"""

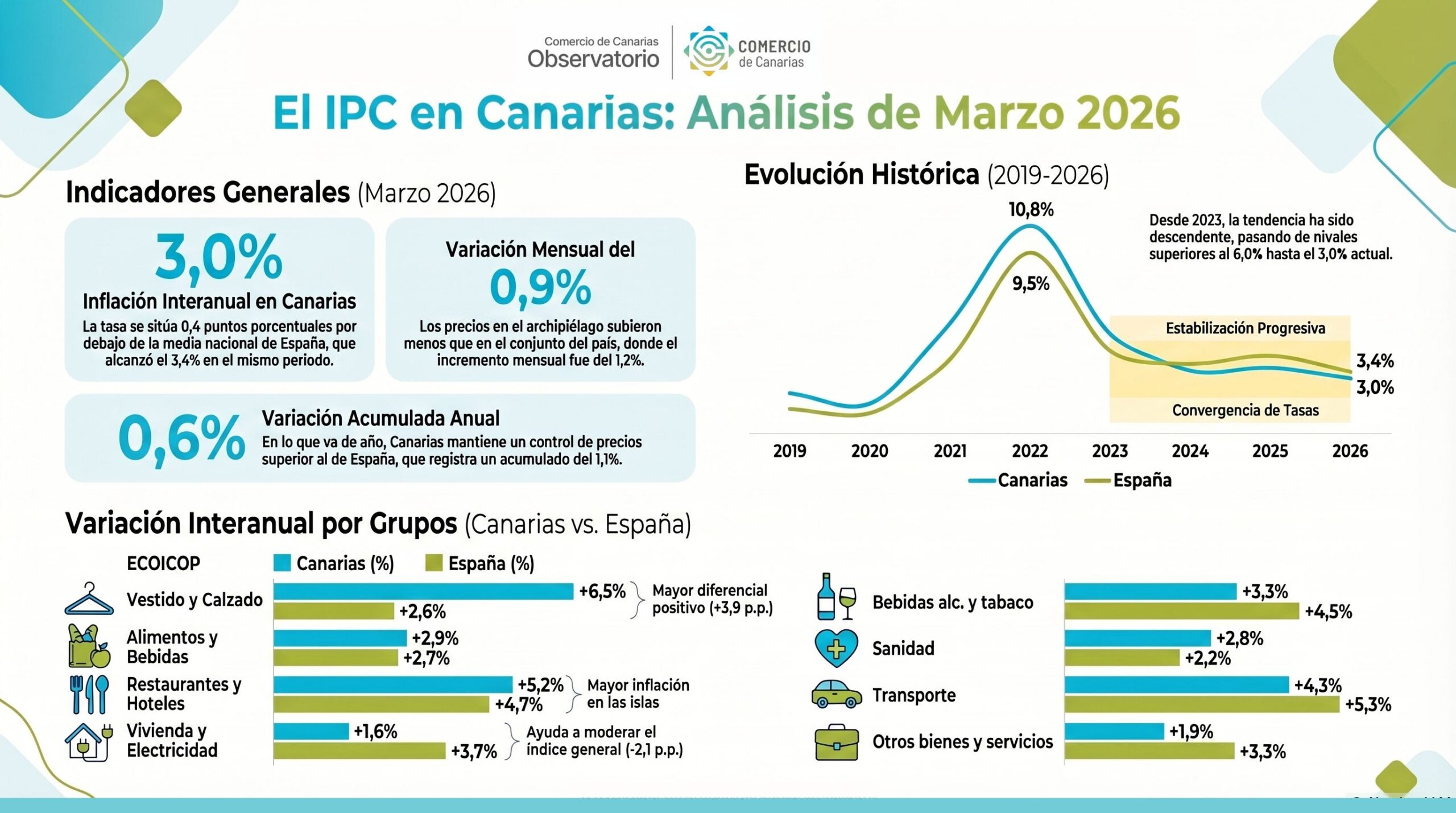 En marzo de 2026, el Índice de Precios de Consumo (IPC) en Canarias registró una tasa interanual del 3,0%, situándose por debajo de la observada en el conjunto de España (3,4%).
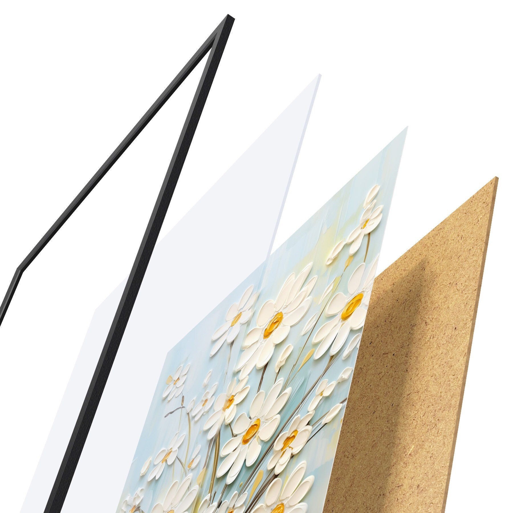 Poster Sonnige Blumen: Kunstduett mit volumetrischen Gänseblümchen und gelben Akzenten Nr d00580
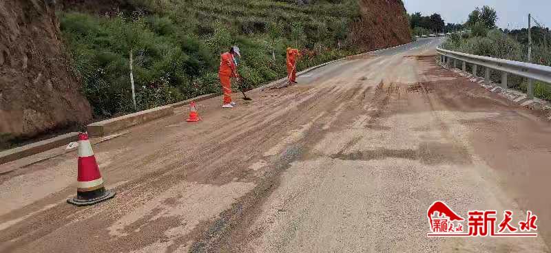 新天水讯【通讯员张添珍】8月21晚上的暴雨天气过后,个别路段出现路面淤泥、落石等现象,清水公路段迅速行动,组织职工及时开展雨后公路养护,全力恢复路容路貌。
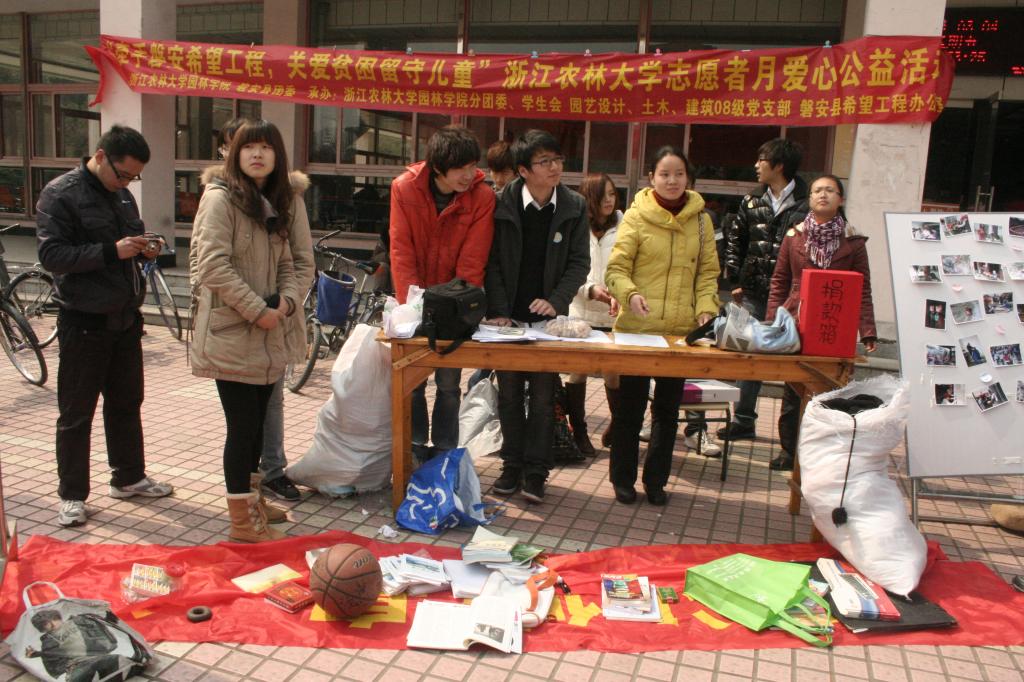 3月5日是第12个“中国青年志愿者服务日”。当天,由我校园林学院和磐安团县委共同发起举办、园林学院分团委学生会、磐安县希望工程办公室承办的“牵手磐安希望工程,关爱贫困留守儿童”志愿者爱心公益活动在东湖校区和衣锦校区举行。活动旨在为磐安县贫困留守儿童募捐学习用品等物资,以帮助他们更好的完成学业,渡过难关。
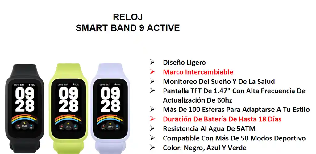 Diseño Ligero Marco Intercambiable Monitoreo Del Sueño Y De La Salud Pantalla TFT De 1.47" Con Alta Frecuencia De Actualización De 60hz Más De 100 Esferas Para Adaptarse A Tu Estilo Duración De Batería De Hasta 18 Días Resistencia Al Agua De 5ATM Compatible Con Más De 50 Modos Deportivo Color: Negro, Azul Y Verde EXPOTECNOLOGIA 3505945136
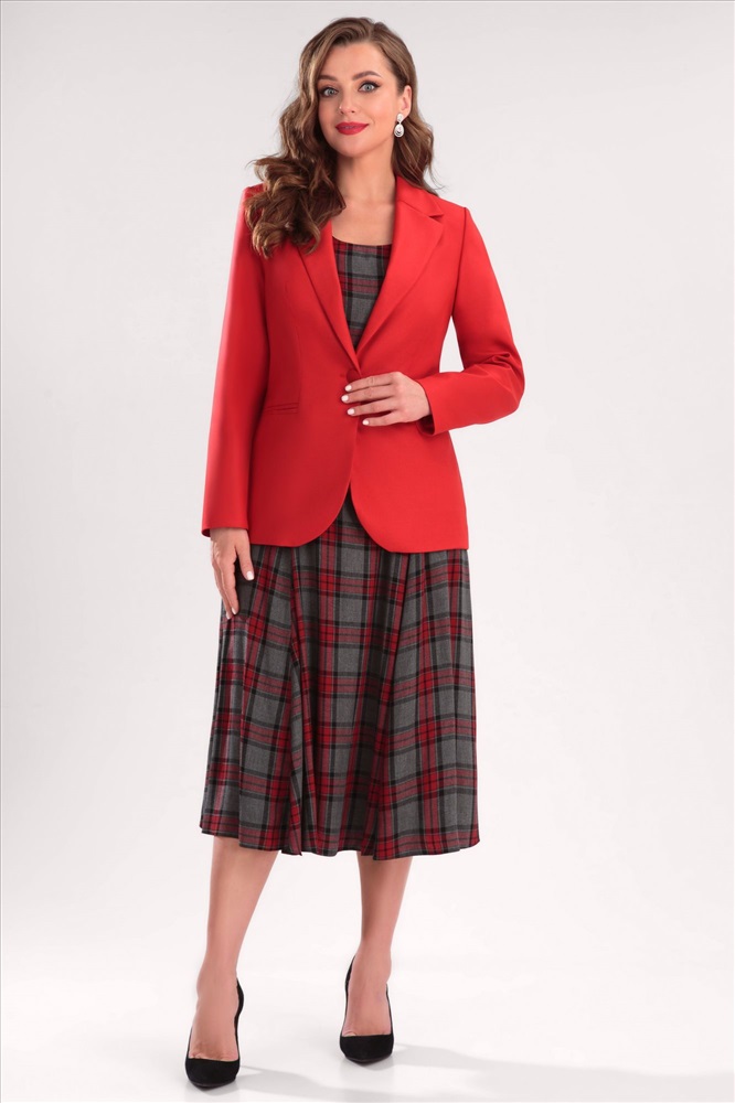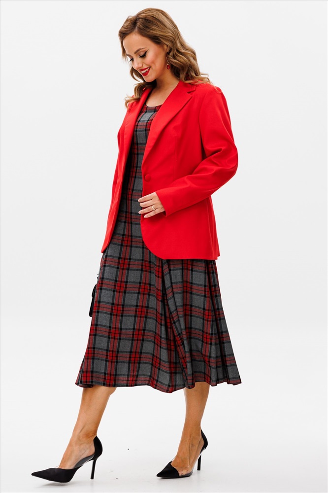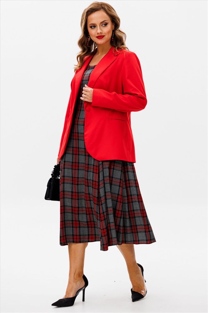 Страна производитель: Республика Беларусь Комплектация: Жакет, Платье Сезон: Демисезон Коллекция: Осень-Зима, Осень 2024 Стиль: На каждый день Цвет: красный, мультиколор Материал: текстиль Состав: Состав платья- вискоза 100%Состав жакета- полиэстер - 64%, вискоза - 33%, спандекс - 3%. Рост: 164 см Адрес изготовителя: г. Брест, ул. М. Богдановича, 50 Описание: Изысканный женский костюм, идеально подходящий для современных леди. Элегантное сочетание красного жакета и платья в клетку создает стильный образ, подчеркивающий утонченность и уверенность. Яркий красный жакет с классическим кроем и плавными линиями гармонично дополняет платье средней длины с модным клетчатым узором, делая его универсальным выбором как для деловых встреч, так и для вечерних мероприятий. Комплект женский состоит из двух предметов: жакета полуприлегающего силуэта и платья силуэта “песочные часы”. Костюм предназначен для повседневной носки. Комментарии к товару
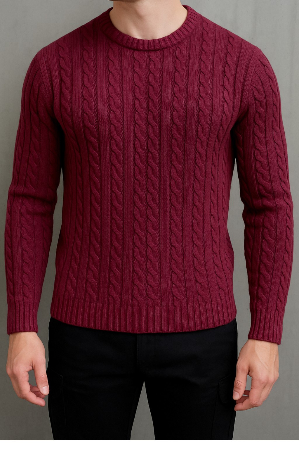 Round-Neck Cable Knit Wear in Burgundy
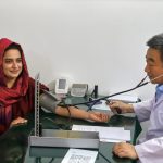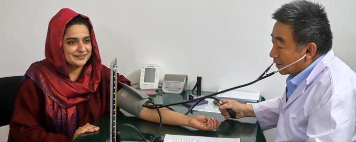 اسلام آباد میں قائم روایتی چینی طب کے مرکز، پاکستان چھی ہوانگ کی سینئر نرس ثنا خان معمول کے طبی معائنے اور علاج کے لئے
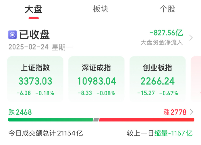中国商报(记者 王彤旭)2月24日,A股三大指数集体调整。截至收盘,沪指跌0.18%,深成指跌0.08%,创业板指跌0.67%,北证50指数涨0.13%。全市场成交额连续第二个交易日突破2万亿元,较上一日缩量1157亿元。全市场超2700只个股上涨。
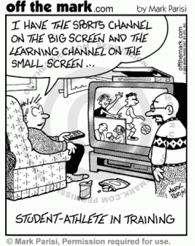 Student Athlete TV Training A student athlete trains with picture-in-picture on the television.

"""

> **Activity**: Your task is to copy word for word the lines from the line containing "Poster Sonnige Blumen: Kunstduett" to the end of the listing, both included, and to drop any pictures.

> **Written answer**:
 Poster Sonnige Blumen: Kunstduett mit volumetrischen Gänseblümchen und gelben Akzenten Nr d00580
 新天水讯【通讯员张添珍】8月21晚上的暴雨天气过后,个别路段出现路面淤泥、落石等现象,清水公路段迅速行动,组织职工及时开展雨后公路养护,全力恢复路容路貌。
 3月5日是第12个“中国青年志愿者服务日”。当天,由我校园林学院和磐安团县委共同发起举办、园林学院分团委学生会、磐安县希望工程办公室承办的“牵手磐安希望工程,关爱贫困留守儿童”志愿者爱心公益活动在东湖校区和衣锦校区举行。活动旨在为磐安县贫困留守儿童募捐学习用品等物资,以帮助他们更好的完成学业,渡过难关。
 Diseño Ligero Marco Intercambiable Monitoreo Del Sueño Y De La Salud Pantalla TFT De 1.47" Con Alta Frecuencia De Actualización De 60hz Más De 100 Esferas Para Adaptarse A Tu Estilo Duración De Batería De Hasta 18 Días Resistencia Al Agua De 5ATM Compatible Con Más De 50 Modos Deportivo Color: Negro, Azul Y Verde EXPOTECNOLOGIA 3505945136
 Страна производитель: Республика Беларусь Комплектация: Жакет, Платье Сезон: Демисезон Коллекция: Осень-Зима, Осень 2024 Стиль: На каждый день Цвет: красный, мультиколор Материал: текстиль Состав: Состав платья- вискоза 100%Состав жакета- полиэстер - 64%, вискоза - 33%, спандекс - 3%. Рост: 164 см Адрес изготовителя: г. Брест, ул. М. Богдановича, 50 Описание: Изысканный женский костюм, идеально подходящий для современных леди. Элегантное сочетание красного жакета и платья в клетку создает стильный образ, подчеркивающий утонченность и уверенность. Яркий красный жакет с классическим кроем и плавными линиями гармонично дополняет платье средней длины с модным клетчатым узором, делая его универсальным выбором как для деловых встреч, так и для вечерних мероприятий. Комплект женский состоит из двух предметов: жакета полуприлегающего силуэта и платья силуэта “песочные часы”. Костюм предназначен для повседневной носки. Комментарии к товару
 Round-Neck Cable Knit Wear in Burgundy
 اسلام آباد میں قائم روایتی چینی طب کے مرکز، پاکستان چھی ہوانگ کی سینئر نرس ثنا خان معمول کے طبی معائنے اور علاج کے لئے
中国商报(记者 王彤旭)2月24日,A股三大指数集体调整。截至收盘,沪指跌0.18%,深成指跌0.08%,创业板指跌0.67%,北证50指数涨0.13%。全市场成交额连续第二个交易日突破2万亿元,较上一日缩量1157亿元。全市场超2700只个股上涨。
 Student Athlete TV Training A student athlete trains with picture-in-picture on the television.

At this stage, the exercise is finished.